* _EXERCISE DIRECTIONS_: Only one span of the material below is wanted. Output it exactly, from the line with "Hermoso apartamento luminoso" through the line with "(3D) Kartengruß zur", without any pictures.
(INFORMATION PROVIDED Opens)
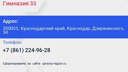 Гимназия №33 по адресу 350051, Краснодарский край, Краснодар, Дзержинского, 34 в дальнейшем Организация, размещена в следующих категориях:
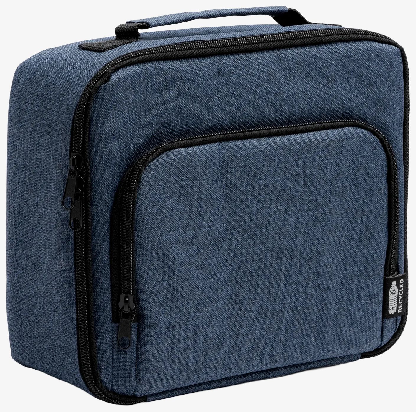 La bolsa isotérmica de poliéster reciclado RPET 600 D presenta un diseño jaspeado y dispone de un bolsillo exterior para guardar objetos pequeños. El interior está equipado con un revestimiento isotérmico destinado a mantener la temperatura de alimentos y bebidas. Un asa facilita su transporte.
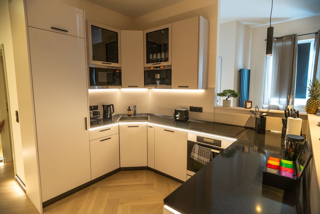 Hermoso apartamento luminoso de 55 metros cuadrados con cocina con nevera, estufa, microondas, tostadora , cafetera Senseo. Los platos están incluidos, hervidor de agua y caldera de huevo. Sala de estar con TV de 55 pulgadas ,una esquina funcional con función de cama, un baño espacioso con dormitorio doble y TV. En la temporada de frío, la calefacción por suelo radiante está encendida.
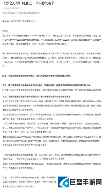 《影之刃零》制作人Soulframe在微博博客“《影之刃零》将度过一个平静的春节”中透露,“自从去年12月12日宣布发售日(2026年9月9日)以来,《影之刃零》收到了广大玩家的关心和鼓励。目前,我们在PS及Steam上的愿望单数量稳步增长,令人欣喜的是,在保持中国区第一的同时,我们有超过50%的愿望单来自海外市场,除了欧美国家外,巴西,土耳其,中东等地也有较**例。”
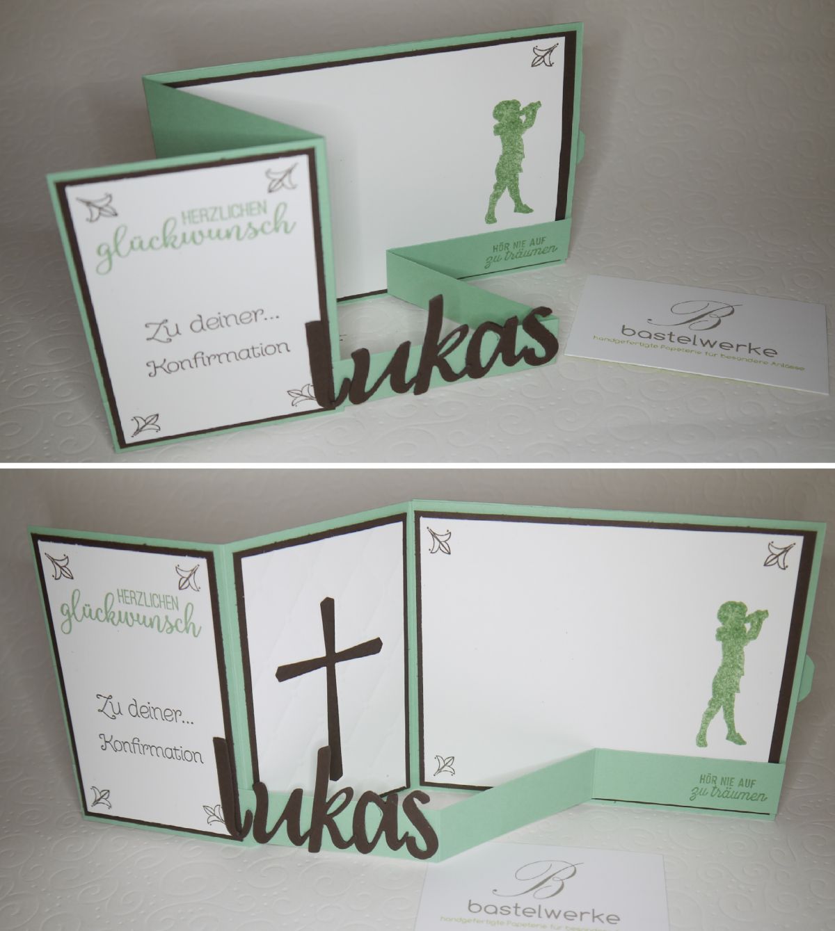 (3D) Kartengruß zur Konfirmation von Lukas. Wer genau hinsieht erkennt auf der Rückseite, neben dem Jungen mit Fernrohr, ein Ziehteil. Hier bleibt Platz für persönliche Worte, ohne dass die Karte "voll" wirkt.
(INFORMATION PROVIDED Closes)
(INFORMATION PROVIDED Opens)
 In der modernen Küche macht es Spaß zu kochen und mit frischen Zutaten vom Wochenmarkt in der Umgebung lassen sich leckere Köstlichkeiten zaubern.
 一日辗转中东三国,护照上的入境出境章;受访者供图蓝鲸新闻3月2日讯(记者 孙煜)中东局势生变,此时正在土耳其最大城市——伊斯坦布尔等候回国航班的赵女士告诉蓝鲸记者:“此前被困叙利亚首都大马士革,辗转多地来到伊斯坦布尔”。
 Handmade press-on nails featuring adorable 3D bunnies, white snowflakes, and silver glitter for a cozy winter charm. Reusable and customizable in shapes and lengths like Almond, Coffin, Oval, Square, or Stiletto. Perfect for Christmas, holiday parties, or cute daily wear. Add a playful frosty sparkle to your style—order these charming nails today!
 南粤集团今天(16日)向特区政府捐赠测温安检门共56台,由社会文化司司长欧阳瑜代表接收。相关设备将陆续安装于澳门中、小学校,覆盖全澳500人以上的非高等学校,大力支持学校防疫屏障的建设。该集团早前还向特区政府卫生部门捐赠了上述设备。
(INFORMATION PROVIDED Closes)
* _EXPECTED ANSWER_:
 Hermoso apartamento luminoso de 55 metros cuadrados con cocina con nevera, estufa, microondas, tostadora , cafetera Senseo. Los platos están incluidos, hervidor de agua y caldera de huevo. Sala de estar con TV de 55 pulgadas ,una esquina funcional con función de cama, un baño espacioso con dormitorio doble y TV. En la temporada de frío, la calefacción por suelo radiante está encendida.
 《影之刃零》制作人Soulframe在微博博客“《影之刃零》将度过一个平静的春节”中透露,“自从去年12月12日宣布发售日(2026年9月9日)以来,《影之刃零》收到了广大玩家的关心和鼓励。目前,我们在PS及Steam上的愿望单数量稳步增长,令人欣喜的是,在保持中国区第一的同时,我们有超过50%的愿望单来自海外市场,除了欧美国家外,巴西,土耳其,中东等地也有较**例。”
 (3D) Kartengruß zur Konfirmation von Lukas. Wer genau hinsieht erkennt auf der Rückseite, neben dem Jungen mit Fernrohr, ein Ziehteil. Hier bleibt Platz für persönliche Worte, ohne dass die Karte "voll" wirkt.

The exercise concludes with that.